We will make a further distinction into Wigner real symmetric matrices (which are Wigner matrices with real coefficients, such as GOE and the Bernoulli ensemble) and Wigner Hermitian matrices (which are Wigner matrices whose upper-triangular coefficients have real and imaginary parts iid, such as GUE).

The GUE and GOE ensembles have a rich algebraic structure (for instance, the GUE distribution is invariant under conjugation by unitary matrices, while the GOE distribution is similarly invariant under conjugation by orthogonal matrices, hence the terminology), and as a consequence their eigenvalue distribution can be computed explicitly.  For instance, the joint distribution of the eigenvalues \lambda_1(M_n),\ldots,\lambda_n(M_n) for GUE is given by the explicit formula

\displaystyle C_n \prod_{1 \leq i<j \leq n} |\lambda_i-\lambda_j|^2 \exp( - \frac{1}{2n} (\lambda_1^2+\ldots+\lambda_n^2))\ d\lambda_1 \ldots d\lambda_n (0)

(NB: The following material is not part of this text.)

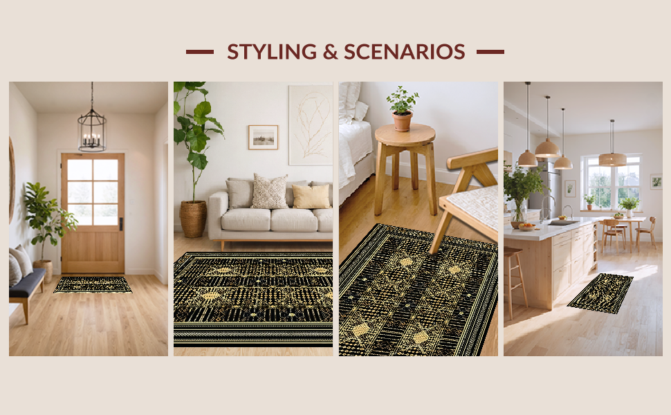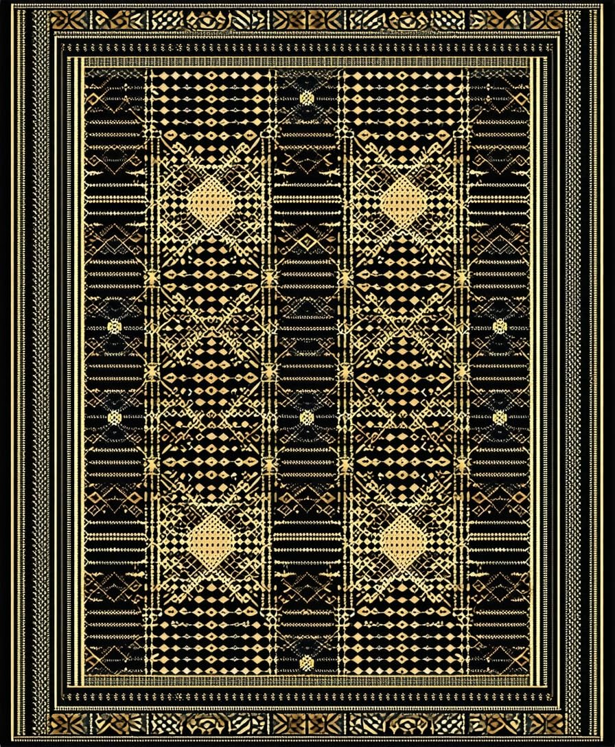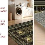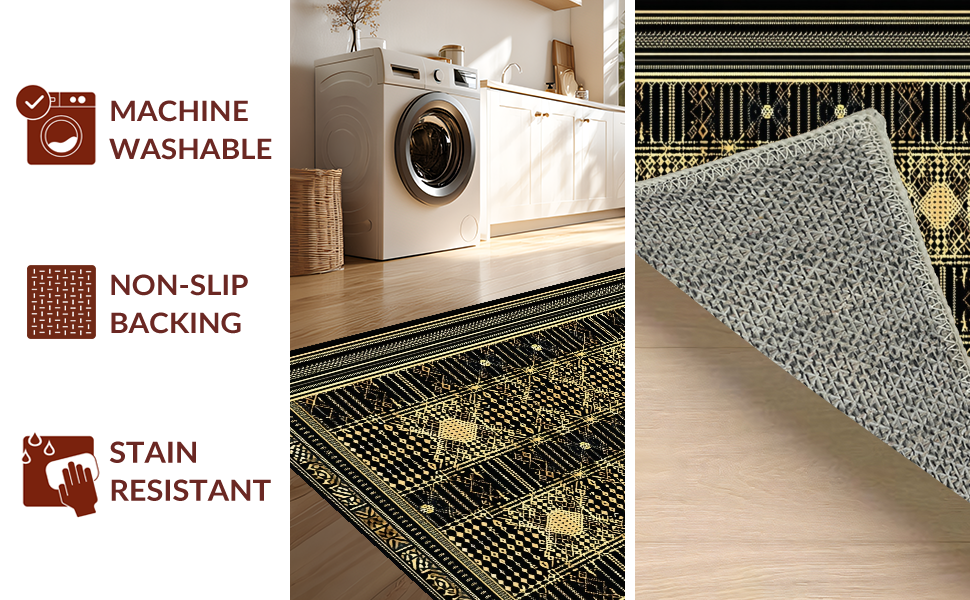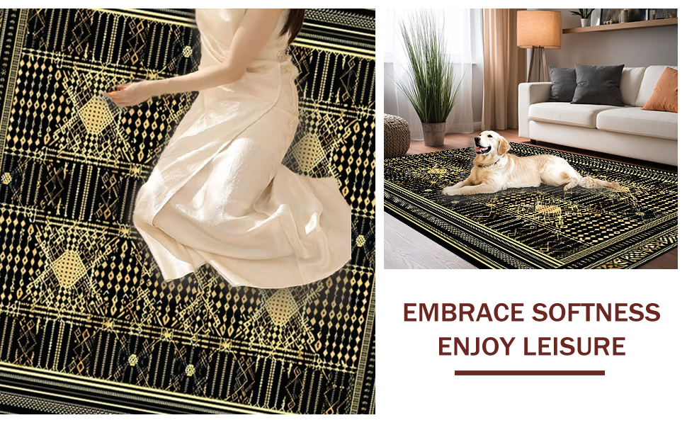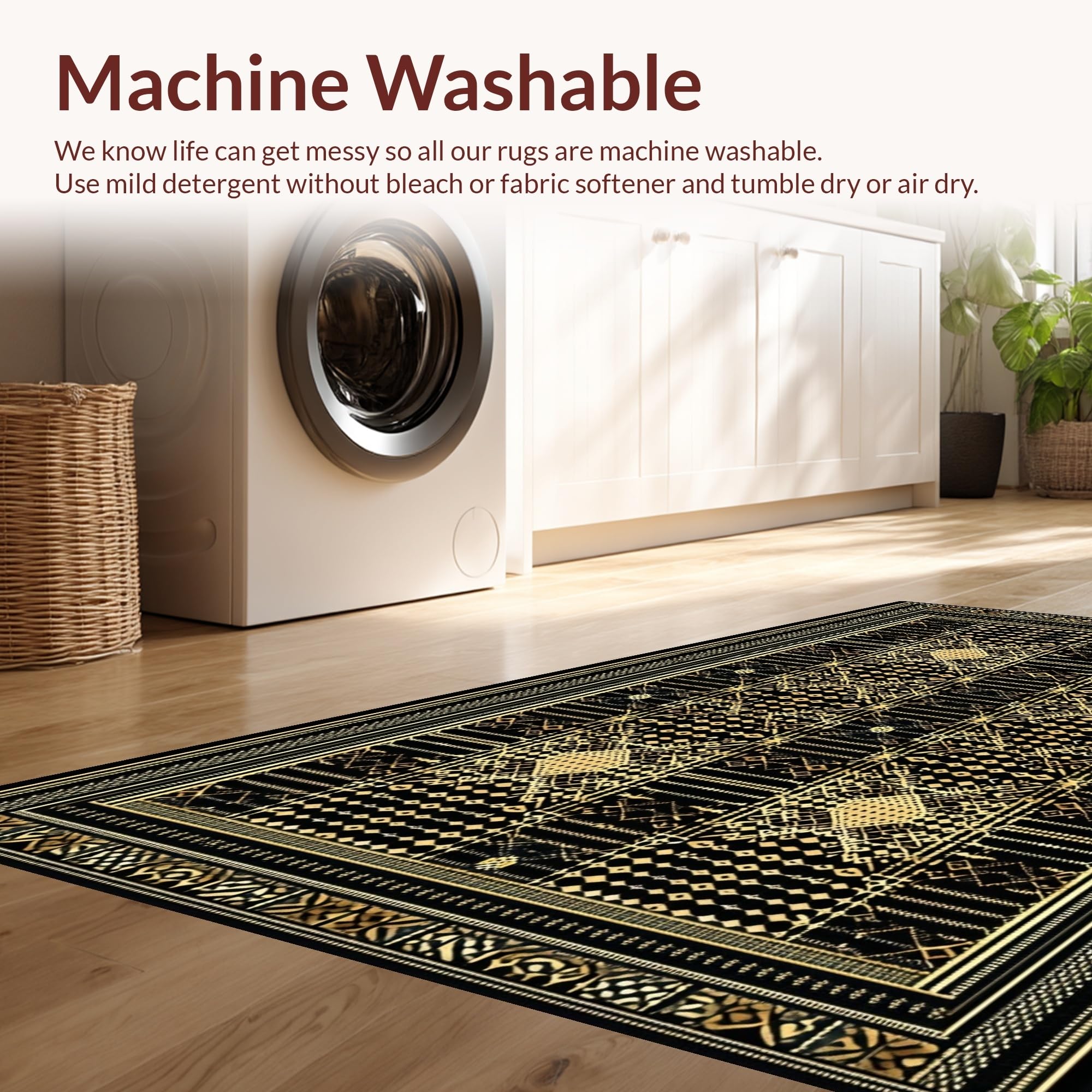 Ultra Soft Area Rug, Non Slip, Stain Resistant, Washable Area Rugs for Living Room, Bedroom, Stylish Abstract Black and Gold Motif(Black) Overview:

for some explicitly computable constant C_n on the orthant \{ \lambda_1 \leq \ldots \leq \lambda_n\} (a result first established by Ginibre).  (A similar formula exists for GOE, but for simplicity we will just discuss GUE here.)  Using this explicit formula one can compute a wide variety of asymptotic eigenvalue statistics.  For instance, the (bulk) empirical spectral distribution (ESD) measure \frac{1}{n} \sum_{i=1}^n \delta_{\lambda_i(M_n)/\sqrt{n}} for GUE (and indeed for all Wigner matrices, see below) is known to converge (in the vague sense) to the Wigner semicircular law

\displaystyle \frac{1}{2\pi} (4-x^2)_+^{1/2}\ dx =: \rho_{sc}(x)\ dx (1)

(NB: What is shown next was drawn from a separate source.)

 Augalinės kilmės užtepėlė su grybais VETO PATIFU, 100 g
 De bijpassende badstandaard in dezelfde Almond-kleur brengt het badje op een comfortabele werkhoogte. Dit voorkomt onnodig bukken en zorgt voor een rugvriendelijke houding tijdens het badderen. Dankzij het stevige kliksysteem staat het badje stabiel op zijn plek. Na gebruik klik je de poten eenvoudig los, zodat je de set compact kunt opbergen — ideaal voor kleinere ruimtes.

as n \to \infty.  Actually, more precise statements are known for GUE; for instance, for 1 \leq i \leq n, the i^{th} eigenvalue \lambda_i(M_n) is known to equal

\displaystyle \lambda_i(M_n) = \sqrt{n} t(\frac{i}{n}) + O( \frac{\log n}{n} ) (2)

with probability 1-o(1), where t(a) \in [-2,2] is the inverse cumulative distribution function of the semicircular law, thus

\displaystyle a = \int_{-2}^{t(a)} \rho_{sc}(x)\ dx.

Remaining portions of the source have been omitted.